На следующий день в телевизионных «Новостях»: «Как сообщает информационное агентство Черногории, сегодня ночью предотвращена попытка государственного переворота, организованного агентами спецслужб России, как проживающих на территории республики, так и проникших в Черногорию под видом туристов. Участники попытки переворота арестованы, некоторые, предвидя неминуемый провал его, в последний момент отказались от прилета страну».
– Ну и?…
– А никакой попытки переворота не было. В скором времени должны были проходить выборы в парламент, который должен был ратифицировать вступление Черногории в НАТО. Большинство населения, тепло относящееся к России, было против. Потому срочно придумывались всевозможные провокации, чтобы настроить против России. Трое арестованных после парламентских выборов были отпущены за неимением состава преступления, больше всех пострадал Александр Борисович Беляков. Его объявили персоной нон грата, человеком, подрывающим государственную безопасность страны, а я, получается, перед самой попыткой переворота, пришитый к нему белыми нитками, труханул, не прилетел… Саша на костылях (последствие боевого ранения) вынужден был покинуть Черногорию, буквально бросив гостиницу, которую он построил: на что-то надо было содержать созданные им картинную галерею, музей якорей и главное: храм и кладбище русских изгнанников, на котором он приготовил себе могилу. Живет в Калининграде, в квартире отца, бывшего морского офицера, пишет иконы…
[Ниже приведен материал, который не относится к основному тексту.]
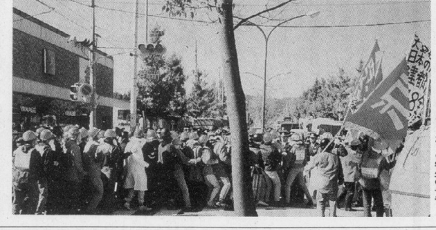
▲学生一人一人の過労死

戒厳令下の京都市内。天皇入洛の裏で。これは、学友会と団交を要求している。また、閲覧室の閉鎖期間の変更も要求している。学友会は、閉鎖期間の変更を拒否したため、学友会と団交を要求している。また、閲覧室の閉鎖期間の変更も要求している。学友会は、閉鎖期間の変更を拒否したため、学友会と団交を要求している。また、閲覧室の閉鎖期間の変更も要求している。

– По поводу русских воинских кладбищ времен Гражданской войны за границей, разбросанных по всему миру. По разным оценкам страшный Русский исход составлял около 4 миллионов человек. В интернете я наткнулся на книгу белорусского писателя Вячеслава Бондаренко «Русский некрополь на Шипке» – о русском воинском кладбище в Болгарии под легендарным перевалом Шипка. Офицеры Русской императорской армии: прапорщики, поручики воевали на легендарной Шипке в Русско-турецкую освободительную войну против османского ига в 1877 году и уже полковниками и генералами, спасаясь от неминуемой смерти, в Гражданскую войну вернулись сюда, чтобы лечь на кладбище у её подножья, болгары приняли их как родных. Однако в 80‒90-е годы прошлого века Болгария пережила ещё большее социально-политическое и нравственное потрясение, чем Россия, и русское кладбище было забыто. Читаю: «Потребовались годы для того, чтобы отношение к заброшенным русским погостам за рубежом изменилось. Первым вслух заговорил о Русском кладбище на Шипке как о безвозвратно уходящей культурной ценности писатель Михаил Чванов, ныне возглавляющий Мемориальный дом-музей С. Т. Аксакова и Аксаковский фонд. Он был первым, кто начал своими силами приводить кладбище в порядок, и первым, кто посвятил Русскому некрополю на Шипке прочувствованные строки в своей книге “Время концов и начал”. Русская женщина, заброшенная в Болгарию новым Русским исходом в криминальную революцию 90-х годов, вынужденная бежать из Киргизии после русского погрома и приютившая здесь, в Болгарии, десятки подобных женщин из разных республик бывшего СССР, передала ему уникальные реликвии – раздаточные листы пожертвований нищенствующим последним офицерам Русской императорской армии и их семьям со всего света, кроме России. М. А. Чванов определил их в Мемориальный дом музей С. Т. Аксакова в Уфе, сын которого, Иван Сергеевич Аксаков, великий славянин, в котором текла двойная тюркская кровь, подвинул русское правительство на освобождение болгар от османского ига».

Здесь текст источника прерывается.